Un submarino de misiles también se acercaba sigilosamente a la flota de Luo Yue, pero antes de que pudieran disparar algún misil, fue cortado por la mitad por Ye Mo. La intensa presión del agua desgarró a las personas dentro en pedazos.
Ye Mo salió volando del mar y tomó una píldora de chi de esencia. Menos mal que había preparado algunas, o se le habría acabado el chi.
Si no fuera por la ayuda de Ye Xing, Ye Mo estaba seguro de que no habría podido detener el ataque del Ejército de la Unión.
Viendo sus barcos ser destruidos por un arma desconocida uno por uno, el rostro de Sai estaba pálido. El escaneo de su barco no encontraba nada dentro de 100 millas náuticas de Luo Yue.

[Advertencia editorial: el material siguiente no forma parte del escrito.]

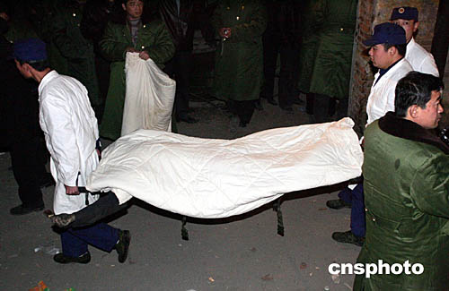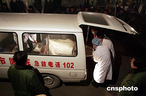 二零零四年十一月二十一日晚,经过连续搜索抢救,河北省邢台市沙河矿难死亡人数又有所增加,又有十多名矿工的遗体被抬出金鼎铁矿巷口。中新社记者:武仲林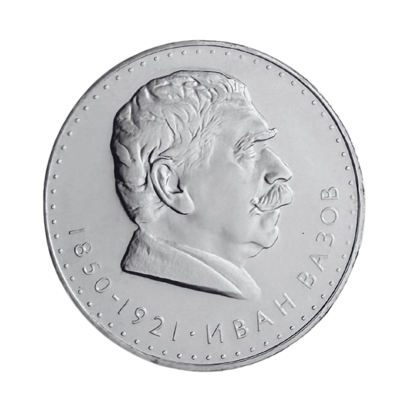 На обратната страна на монетата е изобразен Иван Вазов. Околовръст има надпис „1850-1921 • ИВАН ВАЗОВ”. Композицията завършва със зрънчест кръг.

Huang Yinian se sintió muy satisfecho. Si no hubiera sido por Ye Mo diciéndole que no disparara a los barcos portaaviones, no habría podido resistir la tentación de lanzar un par de misiles.
Aunque no sabía por qué los barcos del enemigo se hundían uno a uno, sabía que estaba relacionado con el misterioso Señor de la Ciudad Ye Mo y Ye Xing.
Aunque Luo Yue no disparó grandes cantidades de cañones o misiles, de vez en cuando se lanzaban algunos, hundiendo a los soldados que luchaban en el mar.
—¡Esas personas eran demonios! Ni siquiera dejaban vivir a los soldados que se ahogaban. —Sai no se atrevía a enviar ninguno de los aviones restantes del portaaviones, porque sabía que simplemente servirían de práctica de tiro para Luo Yue.
Esta no era una batalla en niveles iguales. Antes de la batalla, estaban seguros de que no sería una batalla en igualdad de condiciones, pero pensaban que ellos serían los que estarían en el nivel superior, sin embargo, la realidad era exactamente lo opuesto.
Nadie podría haber pensado que Luo Yue sería realmente tan fuerte. El poder de guerra electrónica de Luo Yue estaba fuera de este mundo: habían diseñado algo más allá de su época.
Esto era humillante. El comandante nunca había librado una batalla tan humillante en su vida. Estaba seguro de que nadie podría haber esperado que Luo Yue fuera tan fuerte. Si Luo Yue tuviera alguna gran ambición, entonces…
Sai no se atrevía a seguir pensando.